I’d like to emphasize that this idea that time and space should be finite “without boundary” is just a proposal: it cannot be deduced from some other principle. Like any other scientific theory, it may initially be put forward for aesthetic or metaphysical reasons, but the real test is whether it makes predictions that agree with observation.
Posted by: Russ at February 9, 2011 12:42 PM

This may speak even better to why Justin is wrong about Hawking assuming "ever larger schemes of chaos." Quite the contrary:

The eventual goal of science is to provide a single theory that describes the whole universe. However, the approach most scientists actually follow is to separate the problem into two parts.
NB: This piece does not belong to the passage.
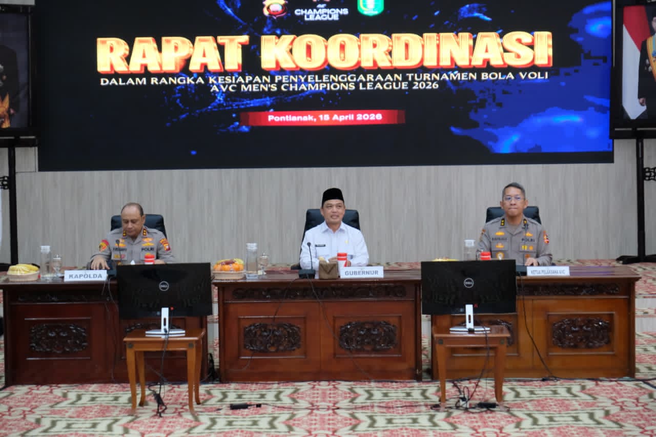 Kalimantan Barat bersiap menjadi pusat perhatian dunia olahraga Internasional. Kepolisian Daerah Kalimantan Barat bersama Pemerintah Provinsi Kalbar dan Instansi terkait menggelar Rapat Koordinasi (Rakor) persiapan penyelenggaraan Asian Volleyball Confederation (AVC) Men’s Champions League 2026 di Kantor Gubernur Kalbar, Rabu (15/4/2026) siang.

First, there are the laws that tell us how the universe changes with time. (If we know what the universe is like at any one time, these physical laws tell us how it will look at any later time.) Second, there is the question of the initial state of the universe. Some people feel that science should be concerned with only the first part; they regard the question of the initial situation as a matter for metaphysics or religion. They would say that God, being omnipotent, could have started the universe off any way he wanted. That may be so, but in that case he also could have made it develop in a completely arbitrary way. Yet it appears that he chose to make it evolve in a very regular way according to certain laws. It therefore seems equally reasonable to suppose that there are also laws governing the initial state.